Ich seh den Leichenwagen, so ein riesiges Ding, schwarz lackiert mit großen Scheiben, zwei Pferde davor mit schwarzen Decken. Der Kutscher obendrauf. Das Merkwürdige ist: Ich seh diese Szenerie immer nur aus der Perspektive des oberen Stockwerks, wo unser Wohnzimmer war. Ich seh mich immer nur von da oben aus, unten hinterm Wagen gehen, mit meiner Schwester Inge und dahinter meinem Vater. Und dahinter eine ganze Menge Leute. Meine Mutter muss sehr beliebt gewesen sein.
Früher wurden die Toten zu Hause aufgebahrt. In der Küche, auf dem Tisch. Das hatte mir meine Tante Elfriede, genannt Friedchen, erzählt. Elfriede war die Frau von Kurt, dem Halbbruder meiner Mutter. Also: Elfriede, Mutters Schwägerin, ist meine Tante. Ich nenne sie immer, wie wir sie alle nannten: Friedchen. Eine warmherzige, zauberhafte Frau, inzwischen fünfundachtzig Jahre alt. Und sie ist die Einzige, die mir noch etwas erzählen konnte aus jener Zeit.

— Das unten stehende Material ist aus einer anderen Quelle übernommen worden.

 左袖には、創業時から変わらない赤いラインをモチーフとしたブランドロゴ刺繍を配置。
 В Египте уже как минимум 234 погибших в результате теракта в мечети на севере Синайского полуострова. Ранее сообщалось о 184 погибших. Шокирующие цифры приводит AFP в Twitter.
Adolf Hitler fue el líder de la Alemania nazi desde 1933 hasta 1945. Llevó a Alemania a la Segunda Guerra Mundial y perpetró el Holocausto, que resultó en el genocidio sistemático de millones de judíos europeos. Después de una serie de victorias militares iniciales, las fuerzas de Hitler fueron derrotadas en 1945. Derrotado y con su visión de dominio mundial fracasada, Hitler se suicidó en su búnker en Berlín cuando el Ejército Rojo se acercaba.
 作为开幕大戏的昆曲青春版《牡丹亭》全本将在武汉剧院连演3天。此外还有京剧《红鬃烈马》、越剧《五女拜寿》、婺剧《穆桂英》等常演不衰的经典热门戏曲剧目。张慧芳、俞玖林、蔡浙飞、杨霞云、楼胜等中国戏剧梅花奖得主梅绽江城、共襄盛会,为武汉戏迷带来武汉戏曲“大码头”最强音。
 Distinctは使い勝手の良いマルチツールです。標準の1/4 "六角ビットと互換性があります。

Als der Sarg zugeschraubt wurde, quetschte ich noch die Hände zwischen Sargdeckel und Unterteil und schrie: »Mama, Mama, geh nicht weg!« Daran kann ich mich selbst natürlich nicht erinnern, klar. Das hat mir Friedchen erzählt, vor einigen Wochen. Unsere ganze Verwandtschaft hat dieses Kapitel ausgeblendet und totgeschwiegen über all die Jahre. Erst jetzt, da ich mich mit den ganzen alten Geschichten noch mal befasse, habe ich Dinge erfahren, die ich niemals vorher gehört habe.

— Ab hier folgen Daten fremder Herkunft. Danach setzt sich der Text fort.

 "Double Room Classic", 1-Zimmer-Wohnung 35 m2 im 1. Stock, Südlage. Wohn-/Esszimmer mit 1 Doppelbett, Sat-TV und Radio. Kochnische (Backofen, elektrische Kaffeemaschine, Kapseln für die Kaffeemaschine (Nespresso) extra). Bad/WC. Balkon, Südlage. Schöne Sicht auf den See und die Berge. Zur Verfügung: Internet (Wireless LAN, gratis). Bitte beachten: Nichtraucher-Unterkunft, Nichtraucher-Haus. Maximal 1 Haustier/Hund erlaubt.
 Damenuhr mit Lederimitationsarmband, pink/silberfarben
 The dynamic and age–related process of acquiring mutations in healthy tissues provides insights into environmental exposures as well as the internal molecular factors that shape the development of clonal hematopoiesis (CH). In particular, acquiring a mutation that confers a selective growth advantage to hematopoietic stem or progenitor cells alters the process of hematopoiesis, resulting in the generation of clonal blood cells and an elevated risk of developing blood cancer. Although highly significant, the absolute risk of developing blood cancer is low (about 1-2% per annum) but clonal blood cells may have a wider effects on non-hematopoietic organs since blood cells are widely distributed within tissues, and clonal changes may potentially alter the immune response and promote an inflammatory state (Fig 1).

Warum war meine Mutter gestorben? Warum so früh? Was war da passiert? Es war eine heimliche Abtreibung. Ein drittes Kind war unterwegs. Warum die Abtreibung? Friedchen erzählte mir: »Dein Vater hatte 'ne Menge anderer Frauen während seiner Ehe. Deine Mutter hat instinktiv wohl gespürt, dass sie nicht mehr lange mit deinem Vater zusammen sein würde. Noch mehr Kinder wären eine viel zu große Belastung gewesen, überhaupt nicht zu bewältigen. Und so hat sie heimlich – niemand wusste etwas davon, auch dein Vater nicht – eine damals übliche Schwangerschaftsunterbrechung vorgenommen. Man darf nicht vergessen: Es war kurz nach dem Krieg, mit der heutigen Zeit ist das nicht zu vergleichen. Sie benutzte eine lange Stricknadel und führte damit einen Abbruch herbei.«
Wie das im Einzelnen war, keine Ahnung. Ich weiß nur, dass sie ein Dreivierteljahr später an den Folgen einer Unterleibsentzündung gestorben ist. Keiner hatte ihr mehr helfen können, denn sie hatte es die ganze Zeit verheimlicht und nur hin und wieder über Bauchschmerzen geklagt. Und so war die offizielle Erklärung: Deine Mutter ist an einer Bauchfellentzündung gestorben.